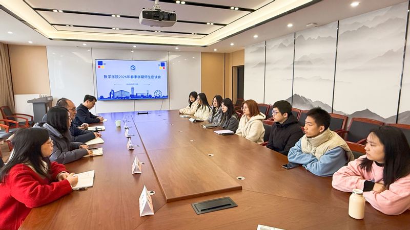 为扎实开展树立和践行正确政绩观学习教育,深入了解学生需求,切实解决急难愁盼问题,3月19日,数学学院召开2026年春季学期师生座谈会。学院党委书记鲍亮、院长林辉球、党委副书记王帅、分管研究生工作的教师代表和应用统计专业研究生代表参加会议。会议由王帅主持。
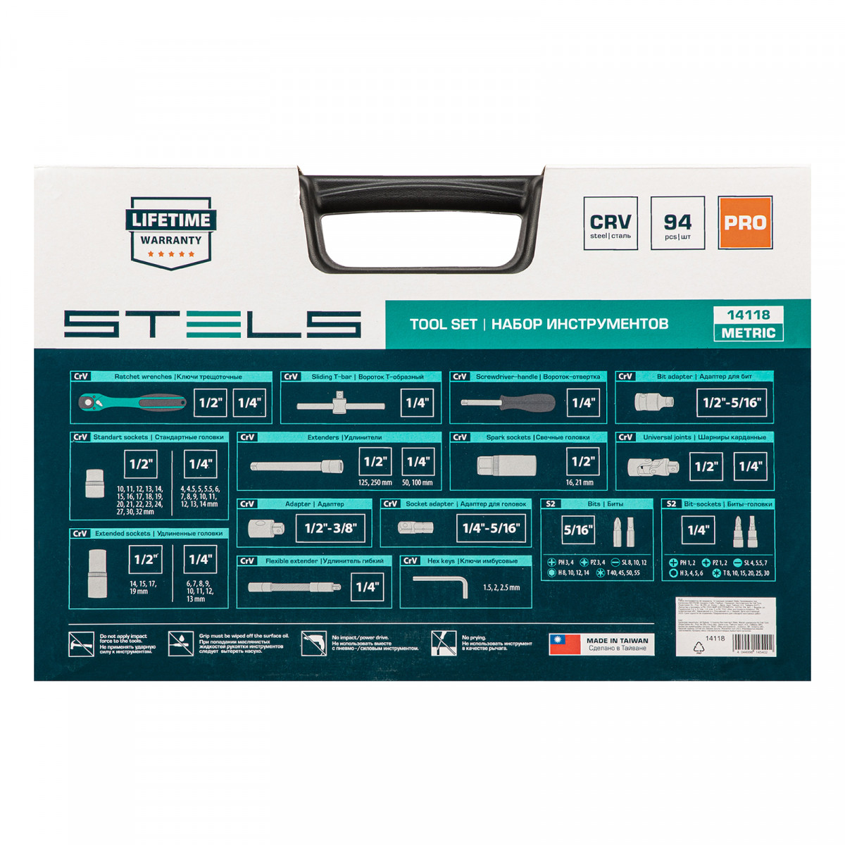 Набор инструментов Stels 14118 в ударопрочным пластиковом кейсе состоит из 94 предметов с присоединительными квадратами 1/2″ и 1/4″, из стали CrV и S2, и предназначен для выполнения слесарно-монтажных работ. Включает инструменты и насадки для работы с резьбовыми крепежами, в том числе 12-гранные торцевые головки, т-образный вороток и удлинители (в том числе гибкий), облегчающие работу в труднодоступных местах. Набор предназначен для профессионального использования в автомастерской, будет полезен и для решения бытовых задач.
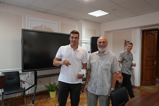 Далее в рамках церемонии награждения президент РОО «Федерация спортивного туризма Крыма» Алексей Гурьянович Ильиных вручил студентам удостоверения «Турист России» и соответствующие нагрудные значки.
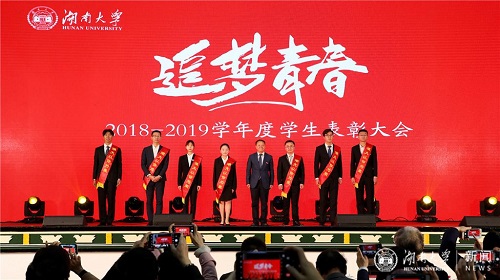 12月17日晚,2018-2019学年度学生表彰大会在大礼堂举行。校长段献忠发表讲话,并为先进个人和先进集体代表颁奖、佩戴“湖大以你为荣”绶带。“倪正东奖学金”设奖者、小宝探花
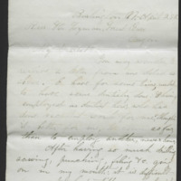 Burlington M. April 28th<br/>Rev H. Lyman, Forest Grove, Oregon<br/><br/>My Dearest<br/><br/>You may wonder [?] receive a letter from me dated as above. I have for some time needed to have some dentistry done: I having employed a dentist here; who has done excellent work for me; thought it better for me, to come as far, than to employ another, nearer home.<br/><br/>After having so much drilling, sawing, punching, filing &c. going on in my mouth, it is different for me to keep still enough to [?]; but will try it for a little while. <br/><br/>Have rec’d. nothing from you; since I last wrote to you; but I hope to find something from you, when I get home next Wednesday. I left all, at home, in usual health, Was sorry to leave home, on account of being unable to hear from you, for so long a time. Have thought many times since I left home, however pleasanter it would be, if you were in company with me.<br/><br/>We are having a pleasant time, which is much more comfortable than the dust, which was very troublesome when I was in Plattsburgh, yesterday; also here before the rain the commenced.<br/><br/>Vegetation is starting, some grass is quite green in spots: & Trailing Arbutus blossoms are quite abundant. I suppose that things are so much more advanced where you are; that it may to you, seem strange that I should mention such items. <br/><br/>It is possible that you may be nearing home, by this time.<br/><br/>You spoke of being about from 4 to 6 weeks; & 4 weeks have passed, since the time you thought of leaving home. I have not yet rec’d. anything written since you went from home, but as you told me not to be worrying if I did not hear from you very regularly; try not to be + trust that a kind Providence has watched over you & guided you; in the past, + will continue to do so in the future.<br/><br/>Would like to write more, but it is nearly dark & I must [?] I trust I have written enough to show you, that my thoughts are of thee continually, your loving Margaret.
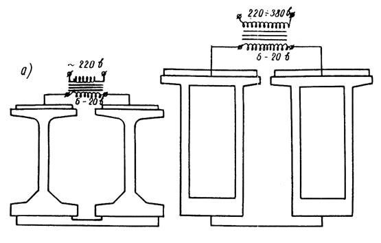 Рис.1. Схемы прогрева стыков в балках таврового (а), двутаврового (б) и коробчатого (в) сечений спиралями
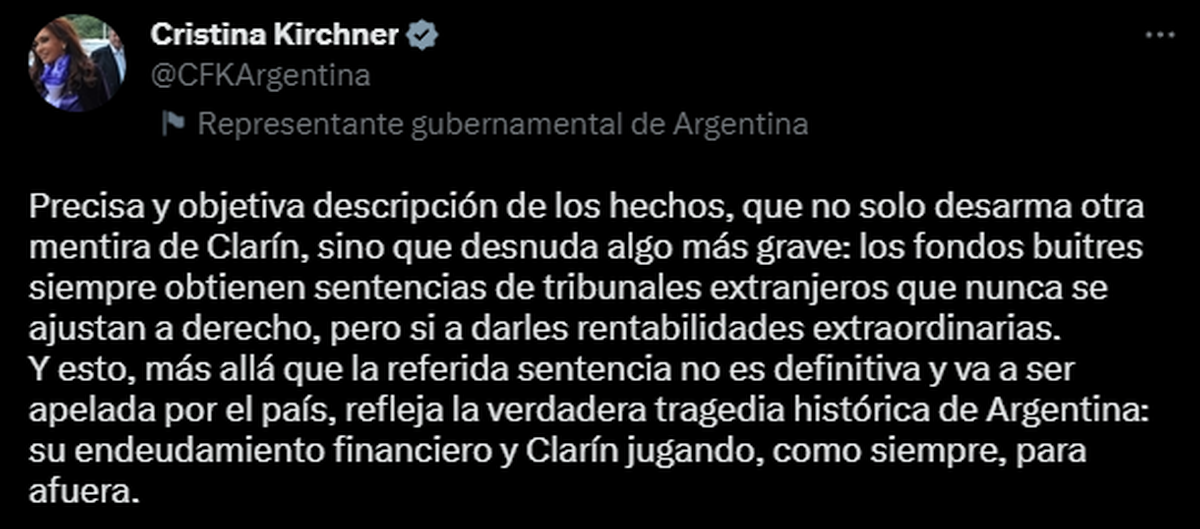 La vicepresidenta Cristina Fernández de Kirchner se expresó este jueves en contra del fallo judicial del Tribunal Superior de Londres que ordenó al Estado argentino a pagarle 1.300 millones de dólares a fondos inversores que denunciaron una alteración en el método de cálculo de una serie de bonos denominados "cupones PBI".
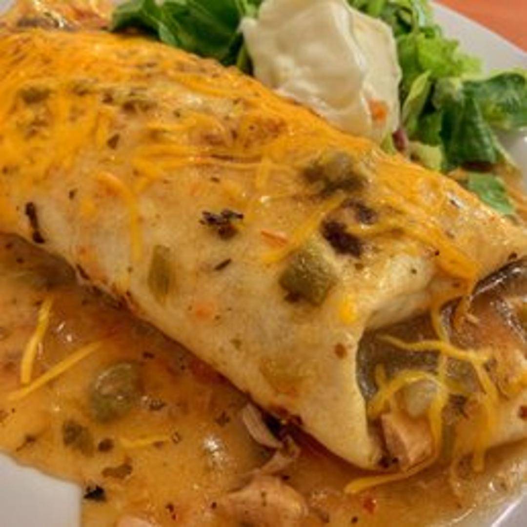 A hearty and filling burrito loaded with your choice of savory filling (options may include seasoned ground beef, shredded chicken, slow-cooked pork, or vegetarian black beans). It's then smothered in Pistachio's signature homemade green chili, topped with melted cheese, sour cream, and pico de gallo. A truly satisfying breakfast or lunch option.
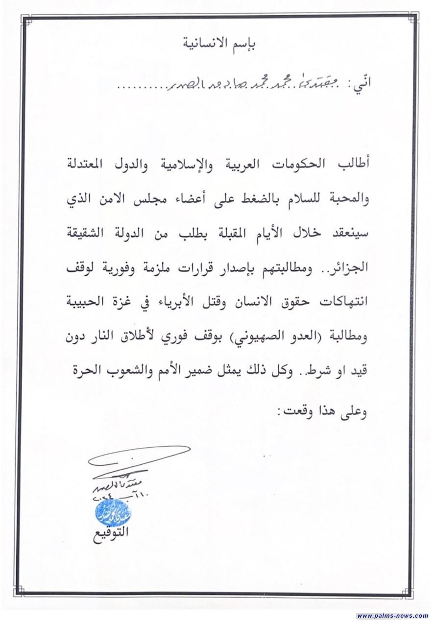 وقال الصدر في وثيقة مذيلة بتوقيعه: "أطالب الحكومات العربية والإسلامية والدول المعتدلة والمحبة للسلام، بالضغط على أعضاء مجلس الامن الذي سينعقد خلال الأيام المقبلة بطلب من الدولة الشقيقة الجزائر ومطالبتهم بإصدار قرارات ملزمة وفورية لوقف انتهاكات حقوق الانسان وقتل الأبرياء في غزة الحبيبة، ومطالبة (العدو الصهيوني) بوقف فوري لأطلاق النار دون قيد او شرط". وأضاف، انه "كل ذلك يمثل ضمير الأمم والشعوب الحرة"
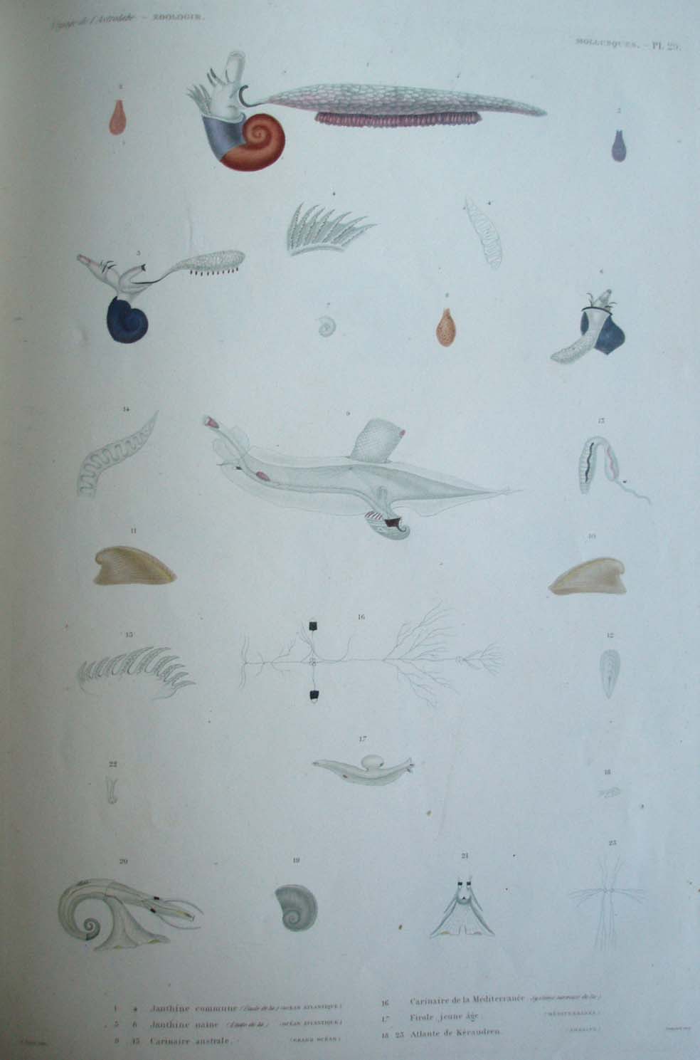 1. 4. Janthine commune (Étude de la) (Océan Atlantique) 5. 8. Janthine naine (Étude de la) (Océan Atlantique) 9. 13. Carinaire australe. (Grand océan) 16. Carinaire de la Méditerranée (Système nerveux de la) 17. Firole, jeune âge. (Méditerranée) 18. 23. Atlante de Kéraudren (Amboine)

• • • • • • •

# Problem description
Give back the material word for word, without images.

# Exercise response
 为扎实开展树立和践行正确政绩观学习教育,深入了解学生需求,切实解决急难愁盼问题,3月19日,数学学院召开2026年春季学期师生座谈会。学院党委书记鲍亮、院长林辉球、党委副书记王帅、分管研究生工作的教师代表和应用统计专业研究生代表参加会议。会议由王帅主持。
 Набор инструментов Stels 14118 в ударопрочным пластиковом кейсе состоит из 94 предметов с присоединительными квадратами 1/2″ и 1/4″, из стали CrV и S2, и предназначен для выполнения слесарно-монтажных работ. Включает инструменты и насадки для работы с резьбовыми крепежами, в том числе 12-гранные торцевые головки, т-образный вороток и удлинители (в том числе гибкий), облегчающие работу в труднодоступных местах. Набор предназначен для профессионального использования в автомастерской, будет полезен и для решения бытовых задач.
 Далее в рамках церемонии награждения президент РОО «Федерация спортивного туризма Крыма» Алексей Гурьянович Ильиных вручил студентам удостоверения «Турист России» и соответствующие нагрудные значки.
 12月17日晚,2018-2019学年度学生表彰大会在大礼堂举行。校长段献忠发表讲话,并为先进个人和先进集体代表颁奖、佩戴“湖大以你为荣”绶带。“倪正东奖学金”设奖者、小宝探花
 Burlington M. April 28th<br/>Rev H. Lyman, Forest Grove, Oregon<br/><br/>My Dearest<br/><br/>You may wonder [?] receive a letter from me dated as above. I have for some time needed to have some dentistry done: I having employed a dentist here; who has done excellent work for me; thought it better for me, to come as far, than to employ another, nearer home.<br/><br/>After having so much drilling, sawing, punching, filing &c. going on in my mouth, it is different for me to keep still enough to [?]; but will try it for a little while. <br/><br/>Have rec’d. nothing from you; since I last wrote to you; but I hope to find something from you, when I get home next Wednesday. I left all, at home, in usual health, Was sorry to leave home, on account of being unable to hear from you, for so long a time. Have thought many times since I left home, however pleasanter it would be, if you were in company with me.<br/><br/>We are having a pleasant time, which is much more comfortable than the dust, which was very troublesome when I was in Plattsburgh, yesterday; also here before the rain the commenced.<br/><br/>Vegetation is starting, some grass is quite green in spots: & Trailing Arbutus blossoms are quite abundant. I suppose that things are so much more advanced where you are; that it may to you, seem strange that I should mention such items. <br/><br/>It is possible that you may be nearing home, by this time.<br/><br/>You spoke of being about from 4 to 6 weeks; & 4 weeks have passed, since the time you thought of leaving home. I have not yet rec’d. anything written since you went from home, but as you told me not to be worrying if I did not hear from you very regularly; try not to be + trust that a kind Providence has watched over you & guided you; in the past, + will continue to do so in the future.<br/><br/>Would like to write more, but it is nearly dark & I must [?] I trust I have written enough to show you, that my thoughts are of thee continually, your loving Margaret.
 Рис.1. Схемы прогрева стыков в балках таврового (а), двутаврового (б) и коробчатого (в) сечений спиралями
 La vicepresidenta Cristina Fernández de Kirchner se expresó este jueves en contra del fallo judicial del Tribunal Superior de Londres que ordenó al Estado argentino a pagarle 1.300 millones de dólares a fondos inversores que denunciaron una alteración en el método de cálculo de una serie de bonos denominados "cupones PBI".
 A hearty and filling burrito loaded with your choice of savory filling (options may include seasoned ground beef, shredded chicken, slow-cooked pork, or vegetarian black beans). It's then smothered in Pistachio's signature homemade green chili, topped with melted cheese, sour cream, and pico de gallo. A truly satisfying breakfast or lunch option.
 وقال الصدر في وثيقة مذيلة بتوقيعه: "أطالب الحكومات العربية والإسلامية والدول المعتدلة والمحبة للسلام، بالضغط على أعضاء مجلس الامن الذي سينعقد خلال الأيام المقبلة بطلب من الدولة الشقيقة الجزائر ومطالبتهم بإصدار قرارات ملزمة وفورية لوقف انتهاكات حقوق الانسان وقتل الأبرياء في غزة الحبيبة، ومطالبة (العدو الصهيوني) بوقف فوري لأطلاق النار دون قيد او شرط". وأضاف، انه "كل ذلك يمثل ضمير الأمم والشعوب الحرة"
 1. 4. Janthine commune (Étude de la) (Océan Atlantique) 5. 8. Janthine naine (Étude de la) (Océan Atlantique) 9. 13. Carinaire australe. (Grand océan) 16. Carinaire de la Méditerranée (Système nerveux de la) 17. Firole, jeune âge. (Méditerranée) 18. 23. Atlante de Kéraudren (Amboine)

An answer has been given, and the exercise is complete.